笠松競馬場がTwitterで内定者に公開説教

鶴野充茂(ビーンスター 代表取締役)

ブログや掲示板、ソーシャルメディアを起点とする炎上やトラブルへの対応について事例から学びます。

イラスト/たむらかずみ

Twitterで内定者に公開説教
笠松競馬場に入社予定の内定者によるツイートを不適切と見た就職先の研修担当者が、会社の公式アカウントから注意を促したところ、「公開説教だ」などと注目を集めた。

3月、笠松競馬場(岐阜・羽島)に就職予定と見られる人物がTwitterの匿名アカウントで「運良く引っ掛かりました」「半年は仮採用なので下手なことは出来ないんですが、本採用になったらはっちゃけたいと思ってます」などと投稿した。

笠松競馬場は公式アカウントから、研修担当と名乗った上で「私の研修で何を聞いていましたか?」「当方は、あなたを『引っ掛けた』つもりはありません」「半年後に『はっちゃけ』の予告をされると、当方には警戒しかありません」「4月1日に面接を行いますので回答を準備しておいてください(ツイートを削除しないこと)」などとツイートした。

こうした投稿に対して「公開パワハラ」「研修担当が一番リスクを理解してない」といった批判と、「全面的に正しい」「何も間違っていません」など擁護の声が飛び交う形になった。

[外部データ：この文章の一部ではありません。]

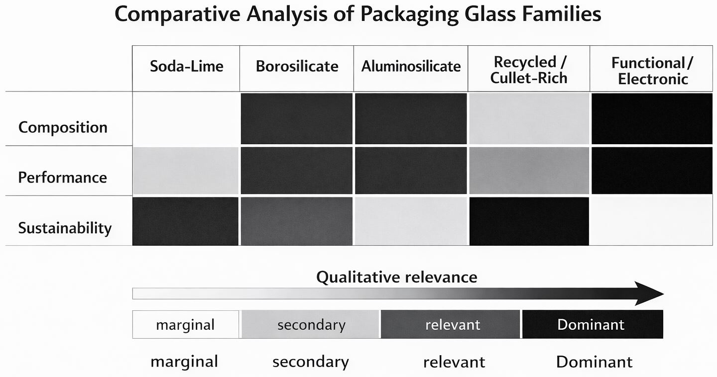 - Alkaline-earth aluminosilicates—used in displays, optical sealing, and functional/electronic packaging requiring low CTE; not used in direct-contact pharma packaging [60].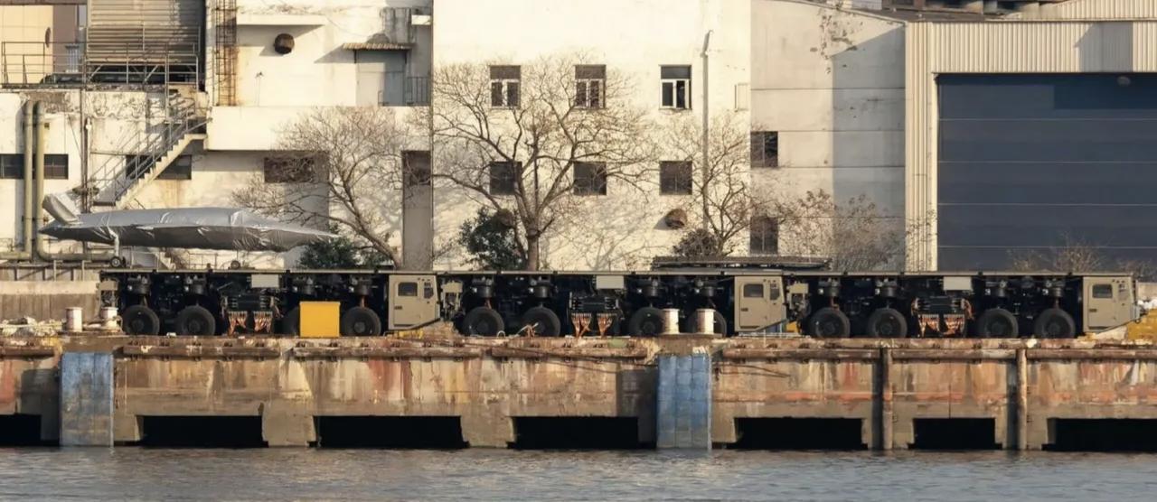 就是这种卡车式电磁弹射器!在陆地上可以弹射大型无人机,解决在没有跑道的地方弹射无人机的问题。为远征作战、野战提供靠更近前线的无人机支援。 吊装到货轮甲板上,马上变成电弹无人机航母,与辅助巡洋舰组成无人机航母编队。

笠松競馬場の運営組合は「何らかの対応を検討する」などとコメントを出した。

「見える場」で指摘する意味

批判は多数あったが、総合的に判断してTwitter上のオープンな場で注意を促したことについては、合理性があったというのが私の考えである。

問題のツイートを発見した際に、組織としてその対応を決めるには、まず匿名アカウントの本人特定の可否が問題になる。特定できるなら速やかに直接注意すればいい。報道によると今回は特定できなかったという。すると対応は、Twitter上か新入社員全員に向けての連絡という形になるだろう。

ここでのポイントは、今回のような匿名ツイートのリスクの大きさをどう捉えるかだ。組織の信頼性が揺らぎかねない情報漏えいや倫理観の欠如が懸念される場合、アカウントをそのまま放置していること自体が問題視される。全員宛で注意したとしても、最後まで本人特定できない可能性が残る。加えて笠松競馬場のアカウントは日ごろから双方向のツイートをしているアカウントだったことを考えると、「見える場」での指摘には合理性がある。

時代性を踏まえた対応を

問題はその伝え方だ。笠松競馬場は、会話をしていたツイートに加わる形で、関係のない人たちも巻き込んで注意をぶつけた。その表現と連投の様子から、感情的になっていることがうかがえる。そのため、怒りの炎を上げたのはそこで巻き込まれた人たちだった。

どうすれば良かったのか。Togetterなどに「まとめ」られることも考慮し、Twitter上では匿名アカウントに直接問題を指摘した上で、その後はダイレクトメッセージなどでのやりとりに留めるのが、今回のような状況では時代性も踏まえた現実的な解だろう。

もっとも、こうしたSNSの利用が不適切で厳重注意の対象になることを研修でしっかりカバーできていなかったことを問うべきではないだろうか。「私の研修で何を聞いていましたか?」という問いは、「私は言った」という自己正当化でしかない。研修の目的は、理解の浸透を図ることである。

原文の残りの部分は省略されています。